Action item: Below is a listing with pictures in it; transcribe exactly the lines from the one that has "5 万~12 一万只普通滨蟹。" through the one that has "そしたら、こういう人がいるって、 いろんな人、教えてくれはったんですよ。 |", and omit those pictures.

[Recorded data — start]

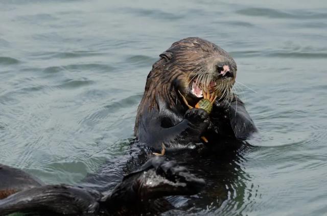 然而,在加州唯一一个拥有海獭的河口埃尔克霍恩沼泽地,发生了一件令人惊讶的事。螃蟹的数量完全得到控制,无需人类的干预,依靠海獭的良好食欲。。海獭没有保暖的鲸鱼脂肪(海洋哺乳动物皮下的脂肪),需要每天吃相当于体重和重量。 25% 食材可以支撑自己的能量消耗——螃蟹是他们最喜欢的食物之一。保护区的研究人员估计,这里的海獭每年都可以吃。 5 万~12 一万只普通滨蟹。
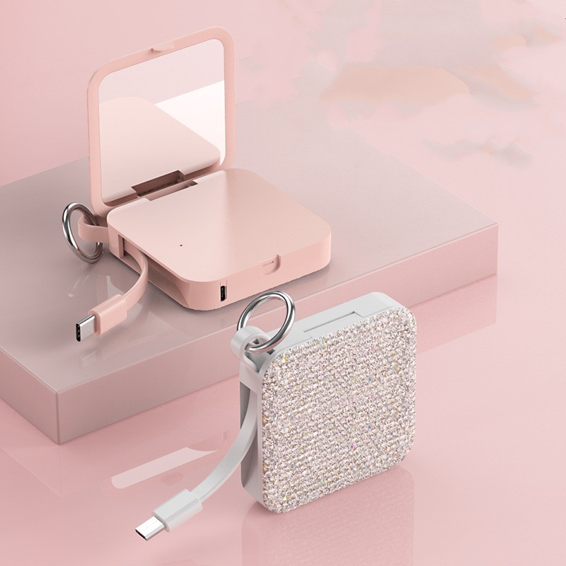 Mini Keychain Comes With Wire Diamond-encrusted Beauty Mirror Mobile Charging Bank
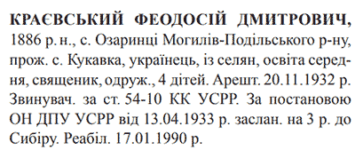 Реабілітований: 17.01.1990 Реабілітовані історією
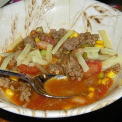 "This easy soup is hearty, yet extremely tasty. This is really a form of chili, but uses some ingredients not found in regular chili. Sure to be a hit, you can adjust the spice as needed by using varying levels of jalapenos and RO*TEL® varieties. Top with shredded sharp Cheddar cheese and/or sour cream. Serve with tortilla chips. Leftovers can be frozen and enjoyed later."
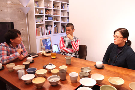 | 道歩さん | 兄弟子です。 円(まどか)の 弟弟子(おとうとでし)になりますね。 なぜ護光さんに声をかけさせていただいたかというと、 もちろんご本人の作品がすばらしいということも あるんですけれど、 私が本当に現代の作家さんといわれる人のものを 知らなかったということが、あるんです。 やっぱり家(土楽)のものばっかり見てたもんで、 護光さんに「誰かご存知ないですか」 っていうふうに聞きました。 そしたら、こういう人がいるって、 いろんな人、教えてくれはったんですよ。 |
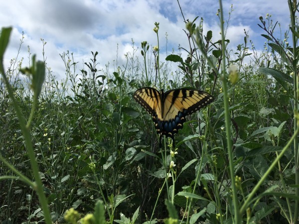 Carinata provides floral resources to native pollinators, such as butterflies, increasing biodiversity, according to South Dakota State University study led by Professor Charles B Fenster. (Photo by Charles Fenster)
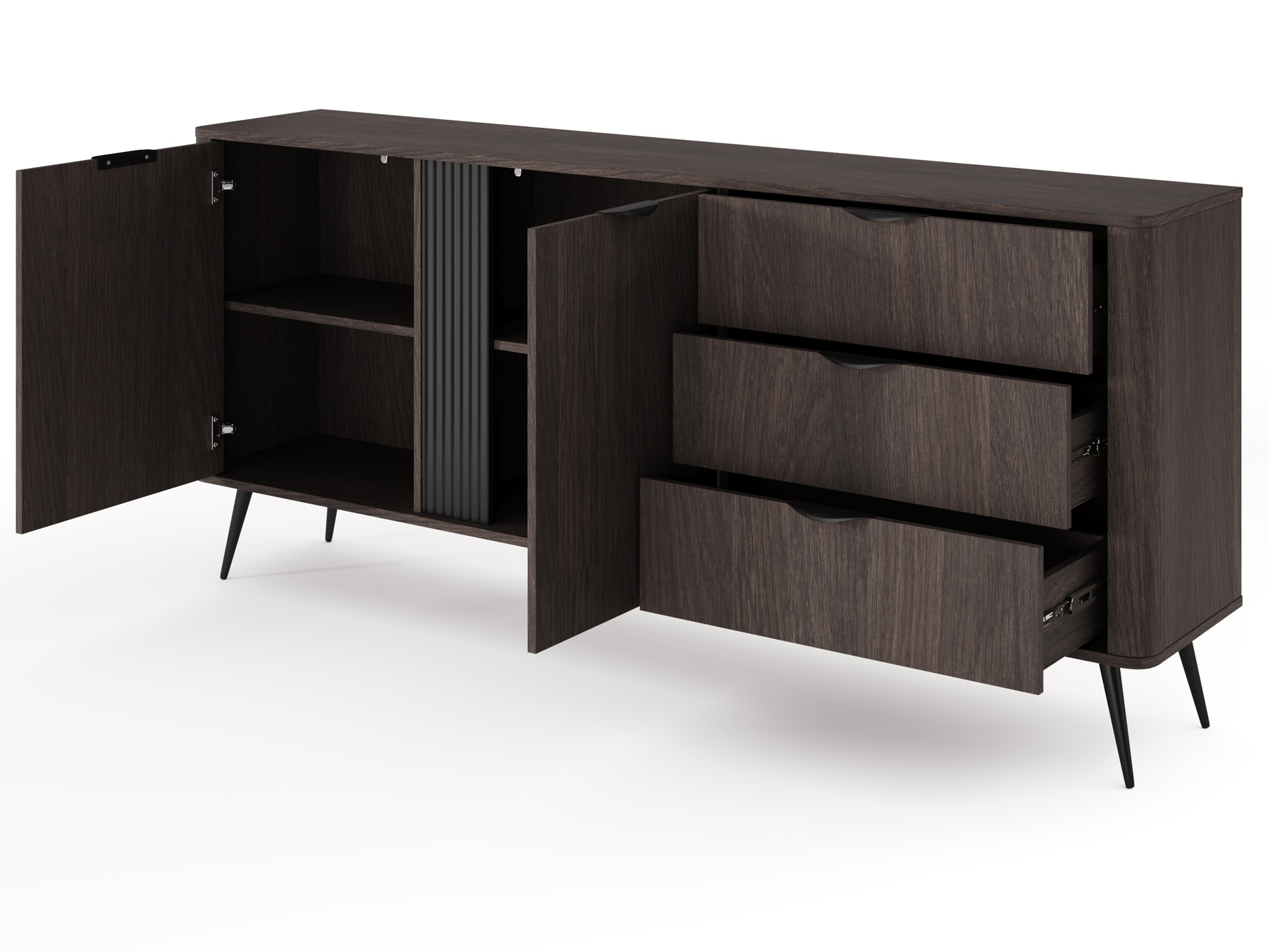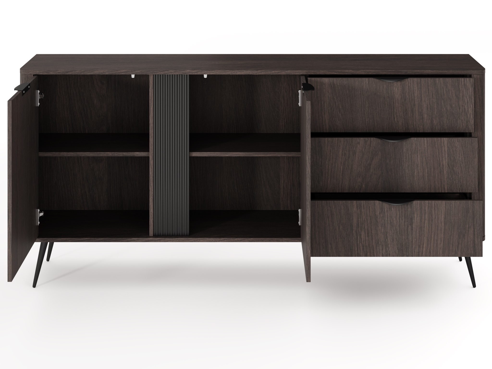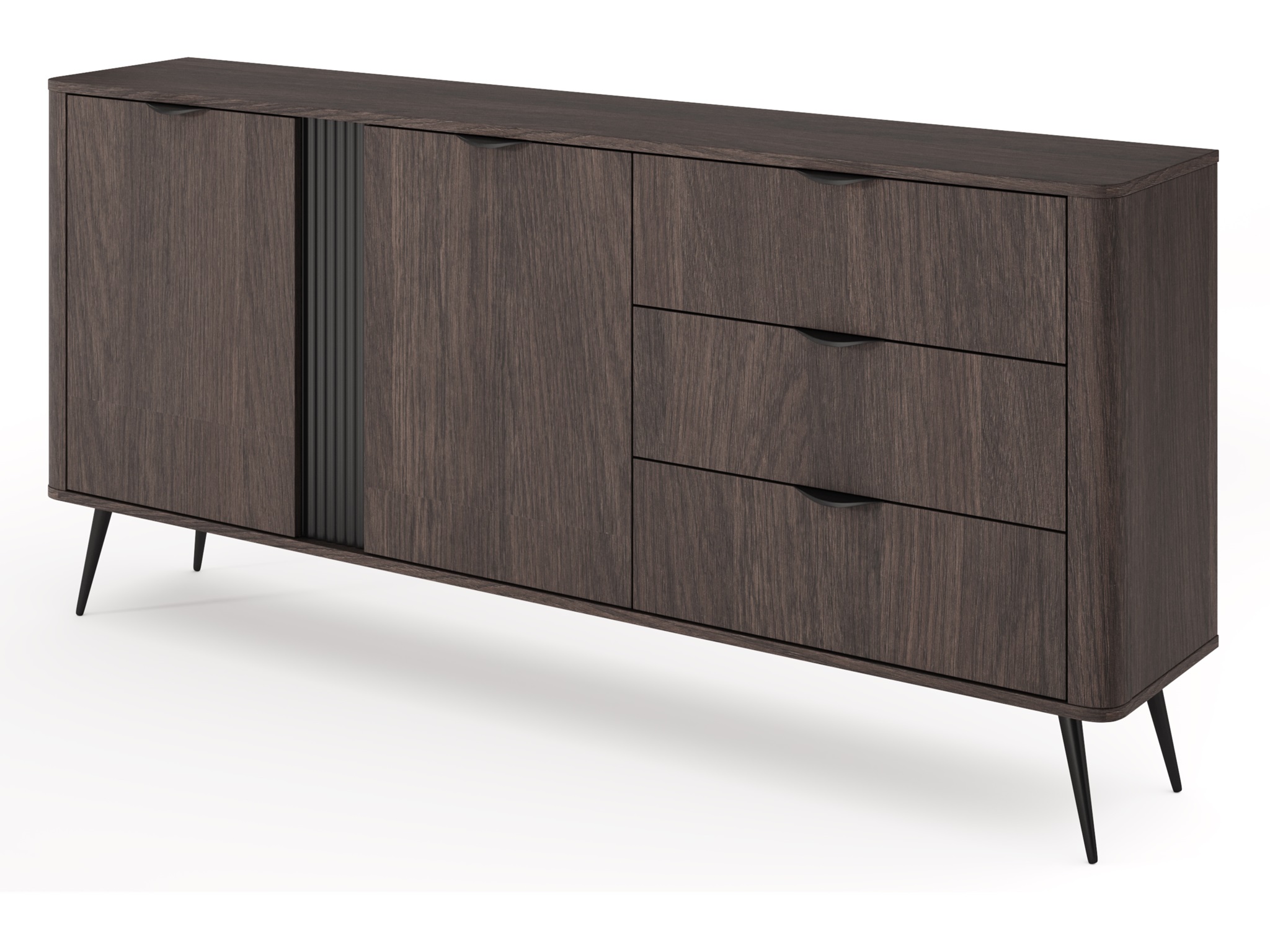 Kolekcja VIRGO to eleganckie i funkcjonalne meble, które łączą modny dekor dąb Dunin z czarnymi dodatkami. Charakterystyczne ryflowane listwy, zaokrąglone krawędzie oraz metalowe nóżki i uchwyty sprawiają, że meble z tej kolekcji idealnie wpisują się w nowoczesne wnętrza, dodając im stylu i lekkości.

[Recorded data — finish]
[Recorded data — start]

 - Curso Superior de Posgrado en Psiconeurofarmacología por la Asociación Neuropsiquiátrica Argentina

[Recorded data — finish]

Solution for this task:
 然而,在加州唯一一个拥有海獭的河口埃尔克霍恩沼泽地,发生了一件令人惊讶的事。螃蟹的数量完全得到控制,无需人类的干预,依靠海獭的良好食欲。。海獭没有保暖的鲸鱼脂肪(海洋哺乳动物皮下的脂肪),需要每天吃相当于体重和重量。 25% 食材可以支撑自己的能量消耗——螃蟹是他们最喜欢的食物之一。保护区的研究人员估计,这里的海獭每年都可以吃。 5 万~12 一万只普通滨蟹。
 Mini Keychain Comes With Wire Diamond-encrusted Beauty Mirror Mobile Charging Bank
 Реабілітований: 17.01.1990 Реабілітовані історією
 "This easy soup is hearty, yet extremely tasty. This is really a form of chili, but uses some ingredients not found in regular chili. Sure to be a hit, you can adjust the spice as needed by using varying levels of jalapenos and RO*TEL® varieties. Top with shredded sharp Cheddar cheese and/or sour cream. Serve with tortilla chips. Leftovers can be frozen and enjoyed later."
 | 道歩さん | 兄弟子です。 円(まどか)の 弟弟子(おとうとでし)になりますね。 なぜ護光さんに声をかけさせていただいたかというと、 もちろんご本人の作品がすばらしいということも あるんですけれど、 私が本当に現代の作家さんといわれる人のものを 知らなかったということが、あるんです。 やっぱり家(土楽)のものばっかり見てたもんで、 護光さんに「誰かご存知ないですか」 っていうふうに聞きました。 そしたら、こういう人がいるって、 いろんな人、教えてくれはったんですよ。 |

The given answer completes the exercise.